The latest development, as reported by this daily, saw a crucial project that could protect its banks around Chattogram's Boalkhali upazila being stuck in limbo. The project, proposed by the Bangladesh Water Development Board (BWDB), involves constructing a 7.4km-long sustainable dam as well as 2.4km-long dams on both banks of the river. In addition, dams will be built to guard the banks of five branch canals of the river. There are, of course, questions over whether BWDB can actually pull it off to get desired results. But the long delay in approving the project shows its lack of priority to the higher authorities.
Reportedly, the project proposal is currently stuck at the planning wing of the water resources ministry, which is reviewing its estimated cost of Tk 144 crore in line with the government's cost containment policy. We understand the importance of prioritising important projects given the ongoing economic crisis, but this project, if implemented properly, will be tremendously beneficial for the at-risk communities. River erosion in Boalkhali upazila has been wreaking havoc on the lives of at least 120,000 people, a number that may rise if preventive action is not taken soon. Also at risk are 150 small industrial structures, 45 roads, 20 bridge-culverts, 3,750 homes, 140km electric lines, five markets, 12 schools, 2,500 hectares of agricultural land, etc.
The question is, why are we so slow or reluctant to act when it comes to saving rivers? Even when well-meaning initiatives are taken – to dredge, construct dams, evict encroachers, prevent pollution, etc. – often they are marred by mismanagement and irregularities by the relevant state departments. These attempts are also so poorly planned and uncoordinated that any resultant effect fizzles out before it can be visible.
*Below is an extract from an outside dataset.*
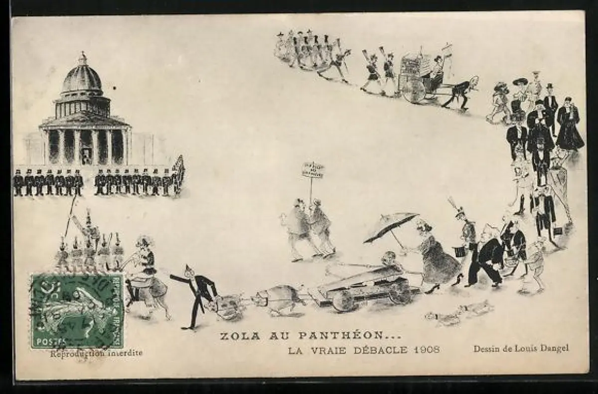 AK Zola au Panthéon, La Vraie Débacle 1908, Karikatur, Dreyfus-Affäre
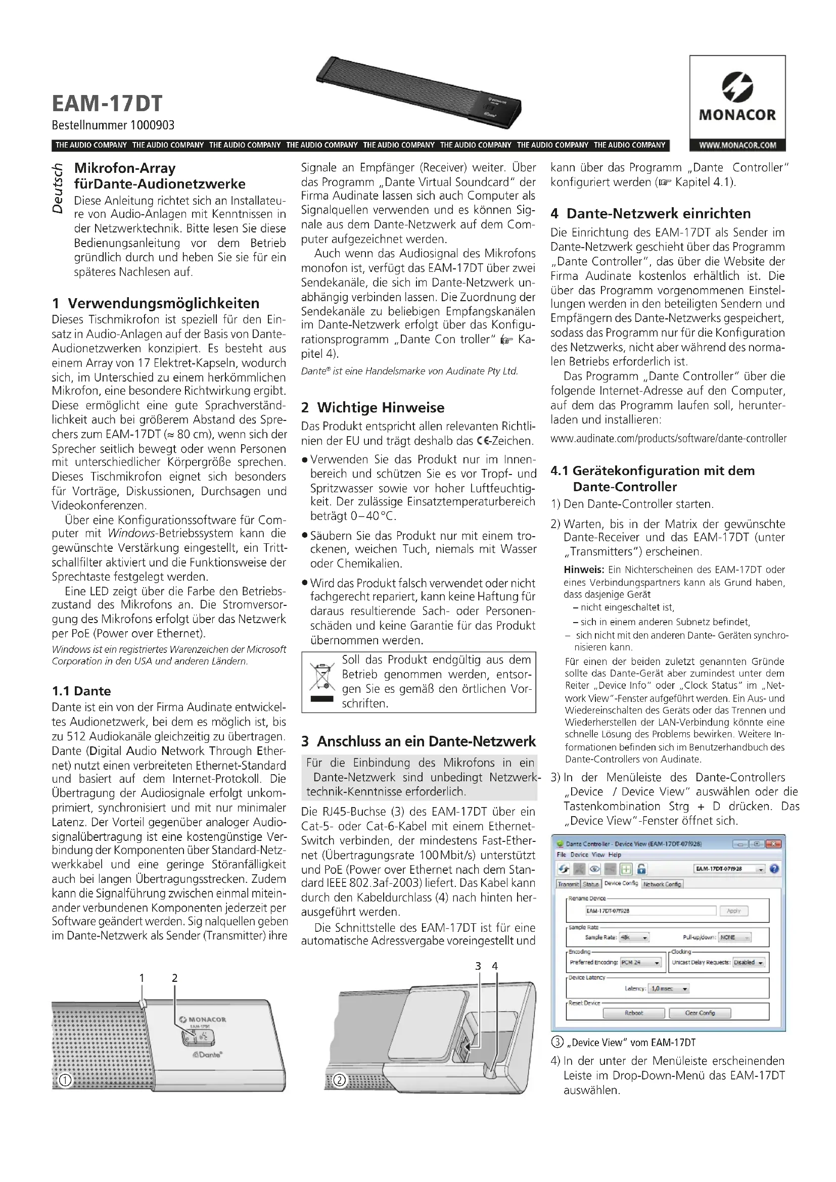 Dante est un réseau audio développé par la société Audinate avec lequel il est possible de transmettre simultanément jusqu’à 512 canaux audio. Dante (Digital Audio Networt Through Ethernet) utilise un standard Ethernet répandu et se base sur le protocole internet. La trans- mission des signaux audio se faite de manière non compressée, synchronisée avec une la- tence minimale. L’avantage par rapport à une transmission analogique de signal audio est la connexion des composants via un câble réseau standard à un prix faible et une faible sensibi- lité aux interférences même pour de longues distances. De plus, la transmission du signal entre les composants reliés entre eux peut à tout moment être modifiée via le logiciel. Dans le réseau Dante, les sources de signal servent d’émetteurs (transmitters) et transmettent ou Cat-6. Le câble peut être sorti à l’arrière par le passage de câble (4). L’interface de l’EAM-17DT est préréglée pour une attribution automatique des adresses et peut être configurée via le programme « Dante Controller » (

Chattogram itself has been the site of a number of such initiatives. Yet, 40 percent of the city's plastic waste is ending up in Karnaphuli, while the Rupsha river in the south-west is taking in 31.7 percent of such waste. As a result, a large number of aquatic species from the rivers have vanished. Karnaphuli's 40km-long banks, from Kalurghat to Patenga, have also been the subject of frequent grabbing attempts.
We urge the higher authorities to reverse this destructive trend. Rivers, in Chattogram and elsewhere in the country, are crying for proper policy attention. We must save our rivers and also save people and properties from the wrath of mismanaged rivers. BWDB, the National River Conservation Commission, and other relevant institutions must all do their part.